═══ DATASET EXCERPTS ═══

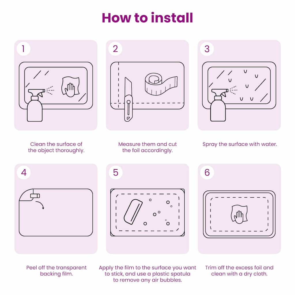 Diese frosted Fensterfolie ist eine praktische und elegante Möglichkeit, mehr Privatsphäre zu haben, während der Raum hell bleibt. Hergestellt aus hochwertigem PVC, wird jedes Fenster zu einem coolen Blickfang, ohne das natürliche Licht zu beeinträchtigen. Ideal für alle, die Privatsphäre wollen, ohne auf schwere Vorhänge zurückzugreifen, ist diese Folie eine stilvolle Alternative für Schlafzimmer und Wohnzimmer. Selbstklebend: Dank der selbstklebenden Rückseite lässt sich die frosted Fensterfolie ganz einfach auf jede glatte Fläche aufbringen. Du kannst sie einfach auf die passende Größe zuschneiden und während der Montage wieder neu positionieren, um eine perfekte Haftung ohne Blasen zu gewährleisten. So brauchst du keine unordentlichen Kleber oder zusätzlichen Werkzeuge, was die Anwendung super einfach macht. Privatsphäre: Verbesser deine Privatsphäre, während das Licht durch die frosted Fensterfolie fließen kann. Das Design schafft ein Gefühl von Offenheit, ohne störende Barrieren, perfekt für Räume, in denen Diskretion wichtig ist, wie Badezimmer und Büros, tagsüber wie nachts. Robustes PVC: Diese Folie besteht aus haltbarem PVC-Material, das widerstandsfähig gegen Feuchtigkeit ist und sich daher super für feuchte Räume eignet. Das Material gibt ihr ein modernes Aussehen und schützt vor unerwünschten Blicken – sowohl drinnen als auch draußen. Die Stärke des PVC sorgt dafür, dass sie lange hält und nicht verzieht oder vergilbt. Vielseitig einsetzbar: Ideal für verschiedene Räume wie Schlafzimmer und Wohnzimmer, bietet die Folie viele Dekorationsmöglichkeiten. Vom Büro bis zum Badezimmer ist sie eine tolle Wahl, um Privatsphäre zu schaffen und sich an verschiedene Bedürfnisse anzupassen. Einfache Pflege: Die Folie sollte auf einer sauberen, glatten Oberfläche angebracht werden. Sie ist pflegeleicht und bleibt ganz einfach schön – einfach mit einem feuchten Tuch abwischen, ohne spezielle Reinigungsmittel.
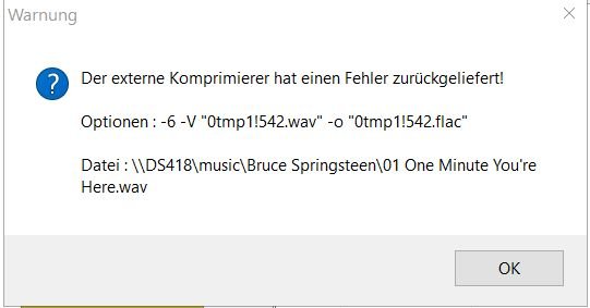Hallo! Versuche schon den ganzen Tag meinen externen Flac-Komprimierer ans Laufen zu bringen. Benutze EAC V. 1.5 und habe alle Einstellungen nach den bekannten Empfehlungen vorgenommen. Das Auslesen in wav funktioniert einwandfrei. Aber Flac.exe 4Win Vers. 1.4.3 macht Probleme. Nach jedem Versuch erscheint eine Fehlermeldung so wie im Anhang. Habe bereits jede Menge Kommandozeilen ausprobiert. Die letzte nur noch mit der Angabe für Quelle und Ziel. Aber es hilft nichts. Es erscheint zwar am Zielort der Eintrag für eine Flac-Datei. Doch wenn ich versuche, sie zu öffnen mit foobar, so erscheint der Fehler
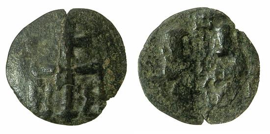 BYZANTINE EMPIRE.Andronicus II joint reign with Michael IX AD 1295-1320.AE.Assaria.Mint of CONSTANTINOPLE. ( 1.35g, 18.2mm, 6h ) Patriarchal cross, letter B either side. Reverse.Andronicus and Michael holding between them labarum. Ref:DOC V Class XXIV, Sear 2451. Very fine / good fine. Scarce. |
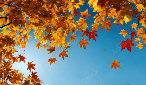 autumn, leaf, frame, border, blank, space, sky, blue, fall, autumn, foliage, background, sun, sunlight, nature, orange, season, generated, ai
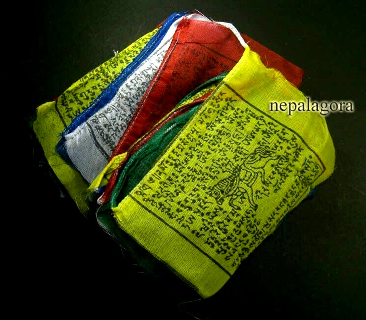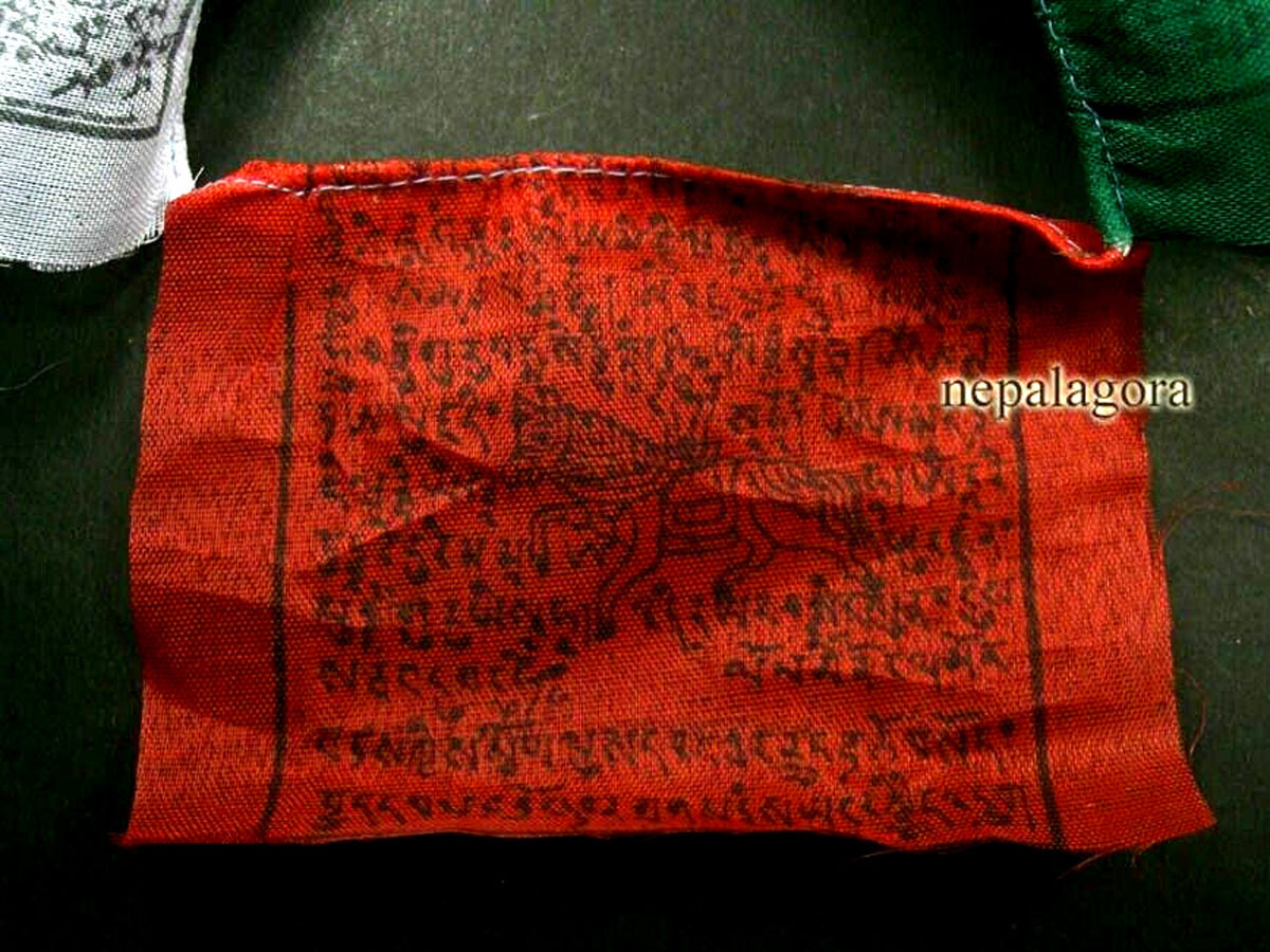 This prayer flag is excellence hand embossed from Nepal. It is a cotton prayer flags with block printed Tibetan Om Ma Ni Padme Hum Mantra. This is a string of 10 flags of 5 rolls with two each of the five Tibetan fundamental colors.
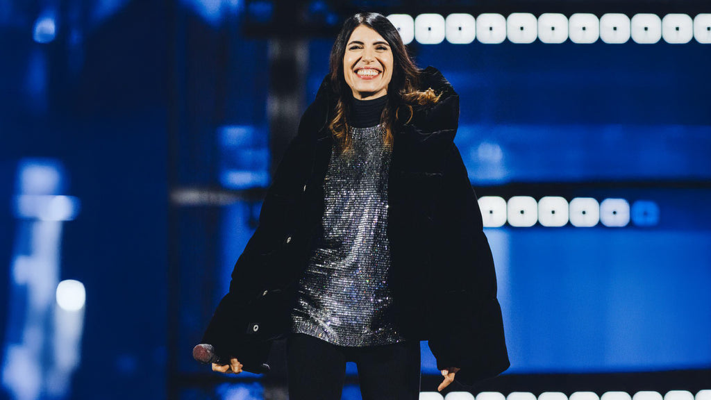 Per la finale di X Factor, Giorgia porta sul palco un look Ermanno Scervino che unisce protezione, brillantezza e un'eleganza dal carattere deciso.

═══
═══ DATASET EXCERPTS ═══

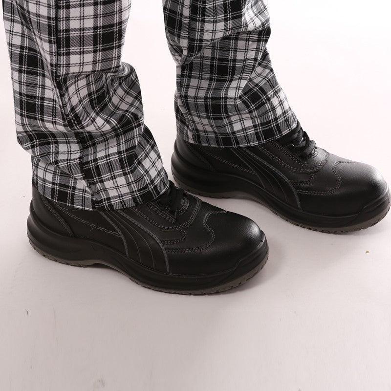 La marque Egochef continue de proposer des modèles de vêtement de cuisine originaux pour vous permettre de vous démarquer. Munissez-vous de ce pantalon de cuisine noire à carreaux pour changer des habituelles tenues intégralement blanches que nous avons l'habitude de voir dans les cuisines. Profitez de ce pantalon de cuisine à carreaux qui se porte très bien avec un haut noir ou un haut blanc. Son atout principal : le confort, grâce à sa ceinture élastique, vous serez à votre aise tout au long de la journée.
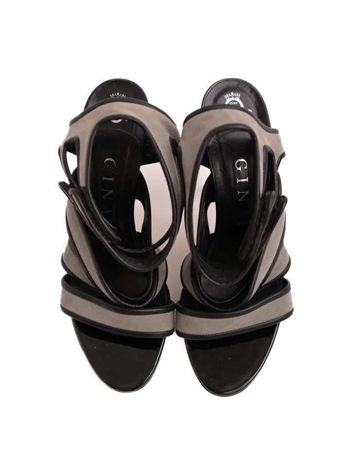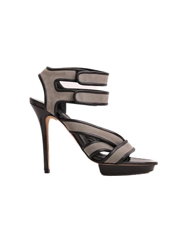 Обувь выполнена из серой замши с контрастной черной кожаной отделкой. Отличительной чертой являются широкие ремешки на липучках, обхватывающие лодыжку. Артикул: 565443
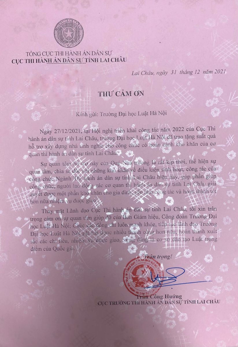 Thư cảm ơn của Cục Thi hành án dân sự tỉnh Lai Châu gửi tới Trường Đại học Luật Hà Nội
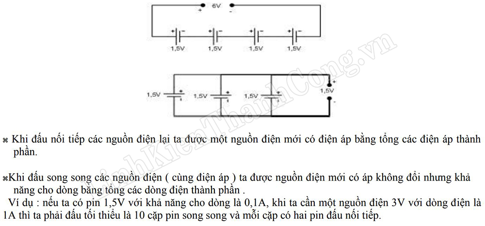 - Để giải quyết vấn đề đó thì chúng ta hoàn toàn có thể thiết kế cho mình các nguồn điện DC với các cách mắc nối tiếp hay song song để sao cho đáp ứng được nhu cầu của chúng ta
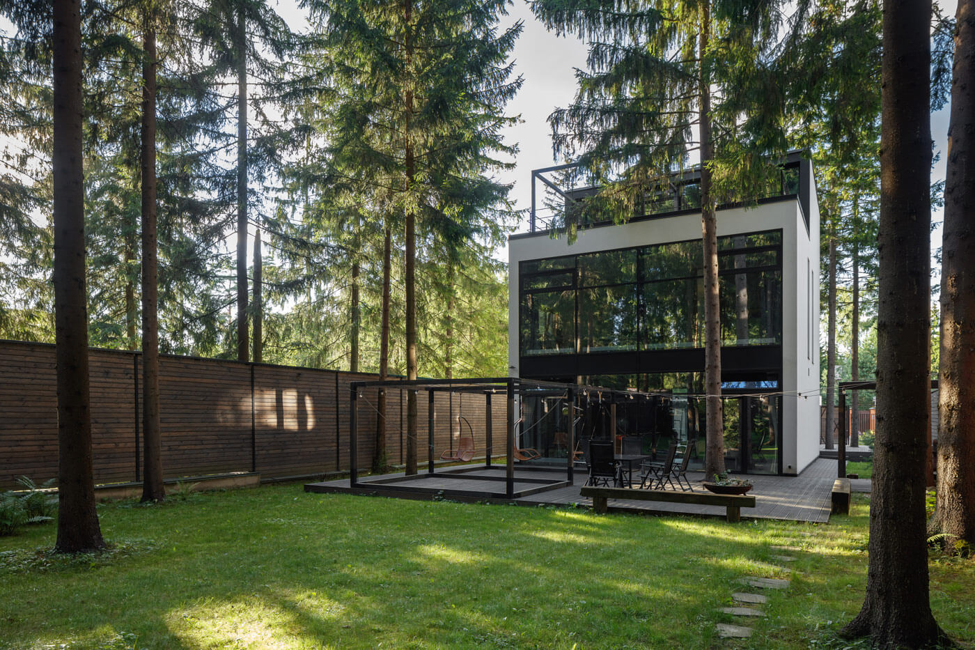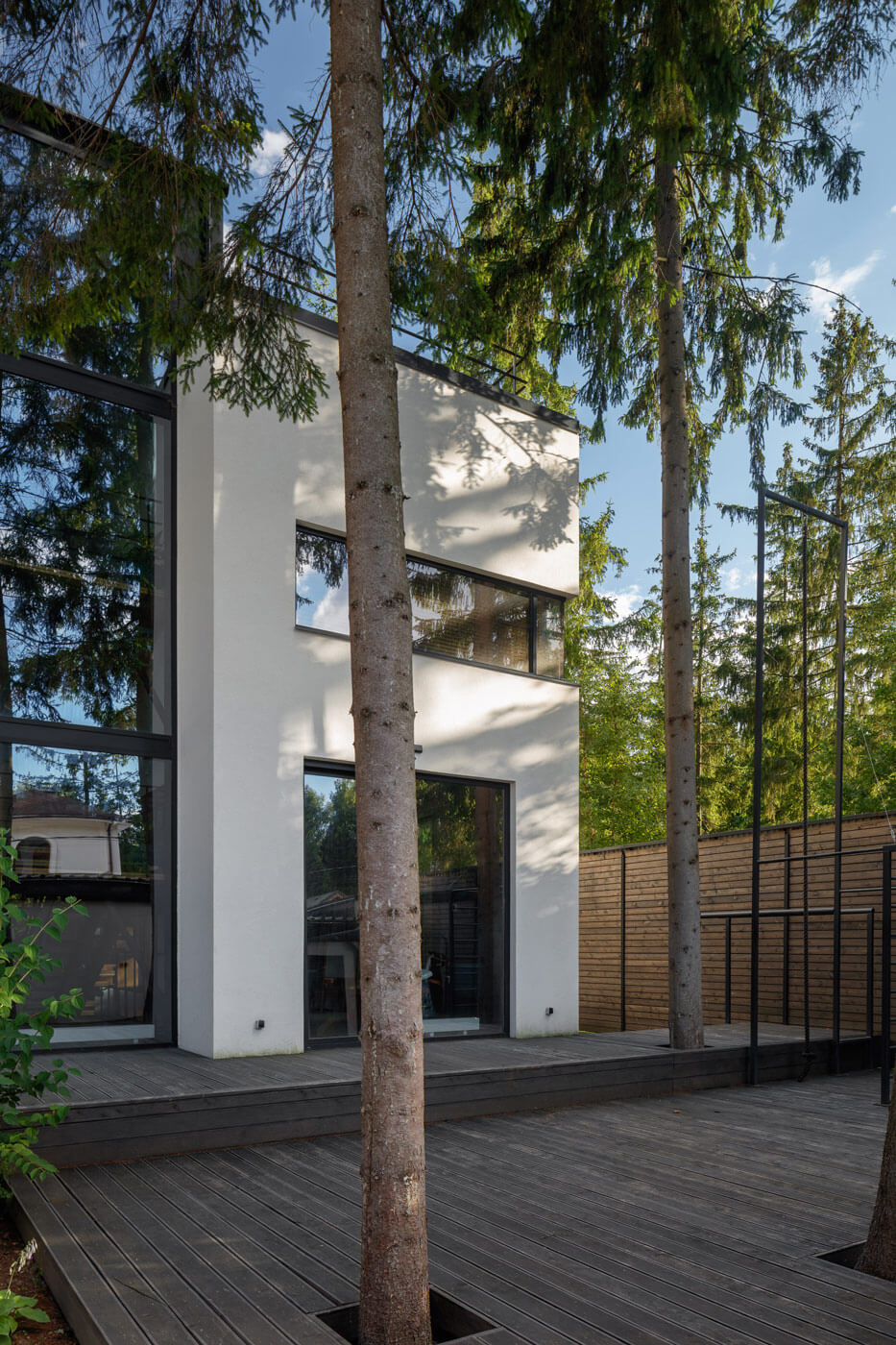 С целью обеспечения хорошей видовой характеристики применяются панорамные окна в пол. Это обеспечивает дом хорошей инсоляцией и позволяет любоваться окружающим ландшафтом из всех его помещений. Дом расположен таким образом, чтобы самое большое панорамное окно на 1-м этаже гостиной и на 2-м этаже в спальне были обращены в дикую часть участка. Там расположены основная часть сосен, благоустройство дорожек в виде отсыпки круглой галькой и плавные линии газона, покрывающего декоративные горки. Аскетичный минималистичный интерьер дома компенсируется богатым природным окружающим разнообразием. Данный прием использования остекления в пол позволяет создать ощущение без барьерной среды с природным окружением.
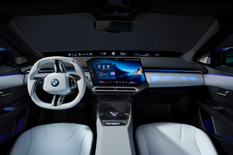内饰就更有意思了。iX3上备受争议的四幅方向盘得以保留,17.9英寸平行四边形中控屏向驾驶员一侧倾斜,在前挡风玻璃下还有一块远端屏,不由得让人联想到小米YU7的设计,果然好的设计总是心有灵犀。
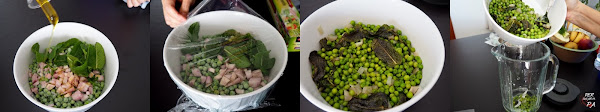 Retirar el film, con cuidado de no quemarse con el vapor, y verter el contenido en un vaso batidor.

═══
═══ DATASET EXCERPTS ═══

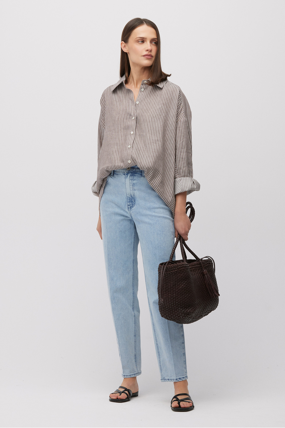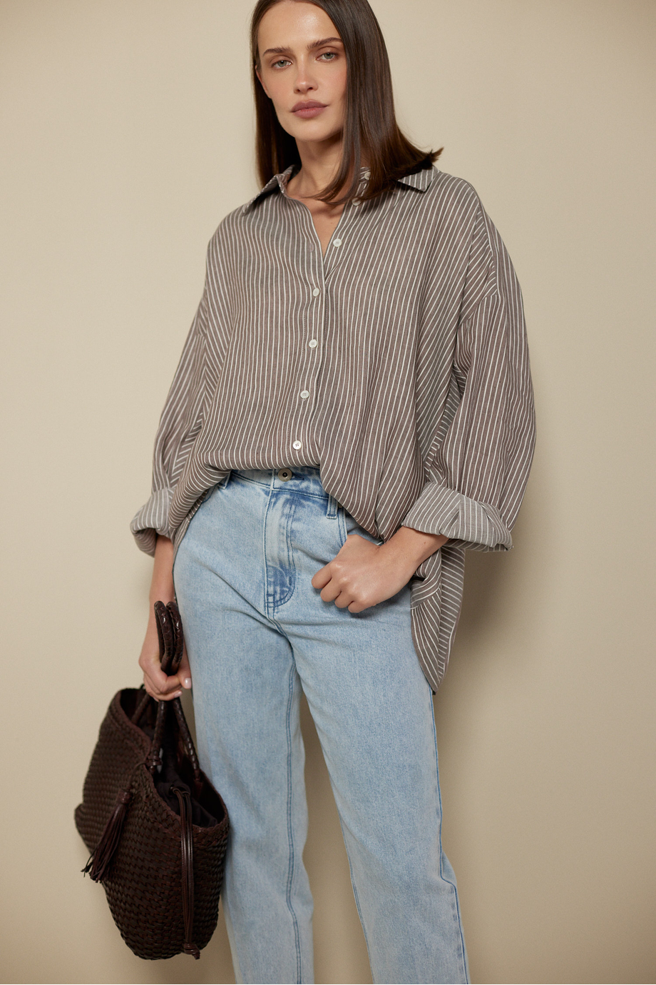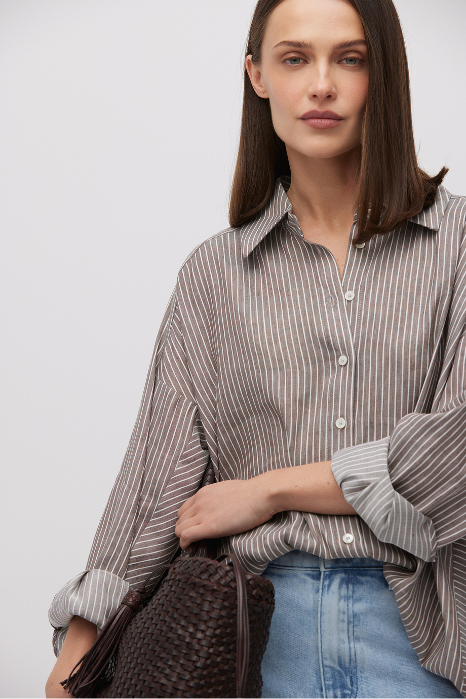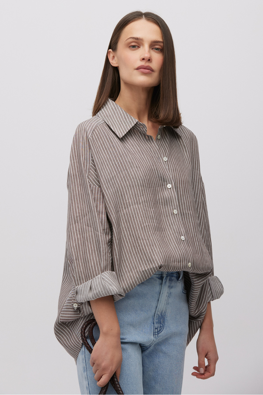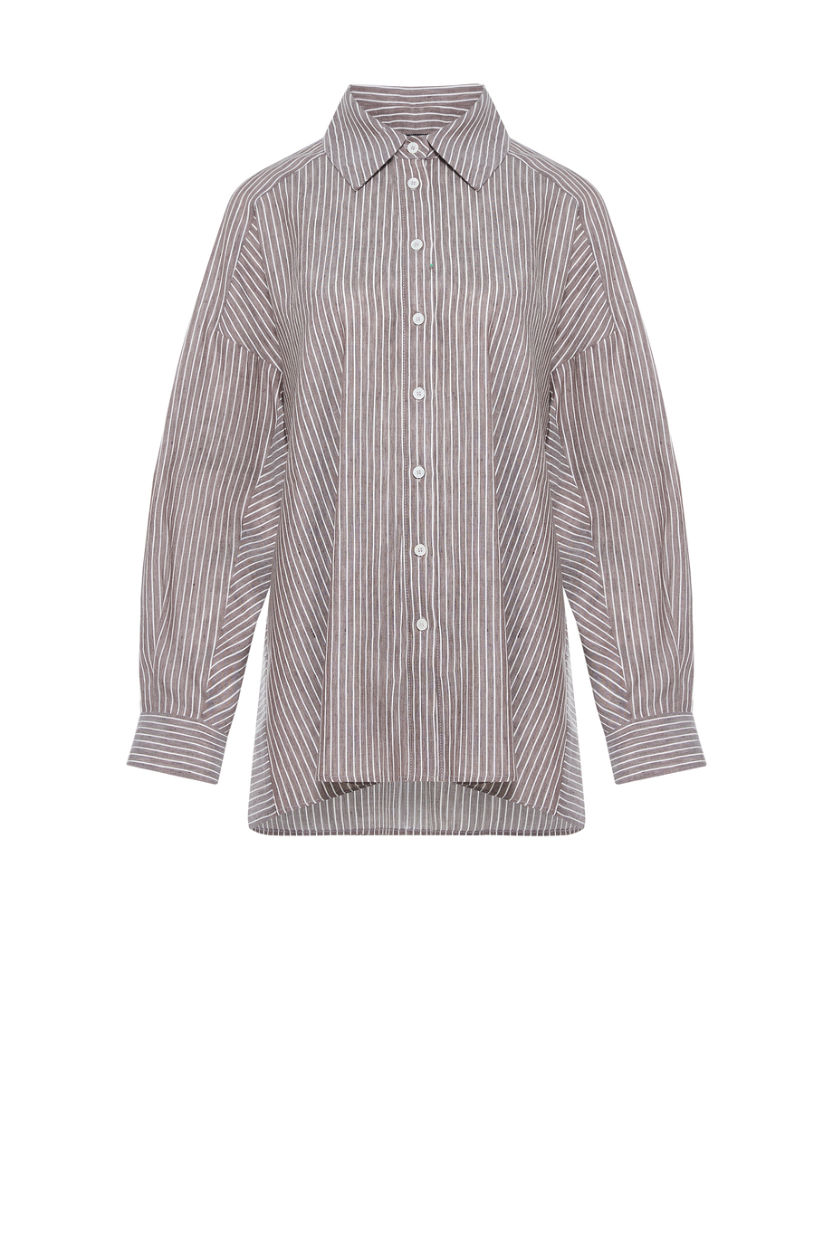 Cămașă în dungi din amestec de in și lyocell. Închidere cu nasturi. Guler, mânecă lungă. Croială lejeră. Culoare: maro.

═══

** ABOUT THIS EXERCISE **
In the listing above, find the line with "Thư cảm ơn của" and the line with "内饰就更有意思了。iX3上备". Set down exactly those lines and everything between them, skipping pictures.

** ANSWER **
 Thư cảm ơn của Cục Thi hành án dân sự tỉnh Lai Châu gửi tới Trường Đại học Luật Hà Nội
 - Để giải quyết vấn đề đó thì chúng ta hoàn toàn có thể thiết kế cho mình các nguồn điện DC với các cách mắc nối tiếp hay song song để sao cho đáp ứng được nhu cầu của chúng ta
 С целью обеспечения хорошей видовой характеристики применяются панорамные окна в пол. Это обеспечивает дом хорошей инсоляцией и позволяет любоваться окружающим ландшафтом из всех его помещений. Дом расположен таким образом, чтобы самое большое панорамное окно на 1-м этаже гостиной и на 2-м этаже в спальне были обращены в дикую часть участка. Там расположены основная часть сосен, благоустройство дорожек в виде отсыпки круглой галькой и плавные линии газона, покрывающего декоративные горки. Аскетичный минималистичный интерьер дома компенсируется богатым природным окружающим разнообразием. Данный прием использования остекления в пол позволяет создать ощущение без барьерной среды с природным окружением.
内饰就更有意思了。iX3上备受争议的四幅方向盘得以保留,17.9英寸平行四边形中控屏向驾驶员一侧倾斜,在前挡风玻璃下还有一块远端屏,不由得让人联想到小米YU7的设计,果然好的设计总是心有灵犀。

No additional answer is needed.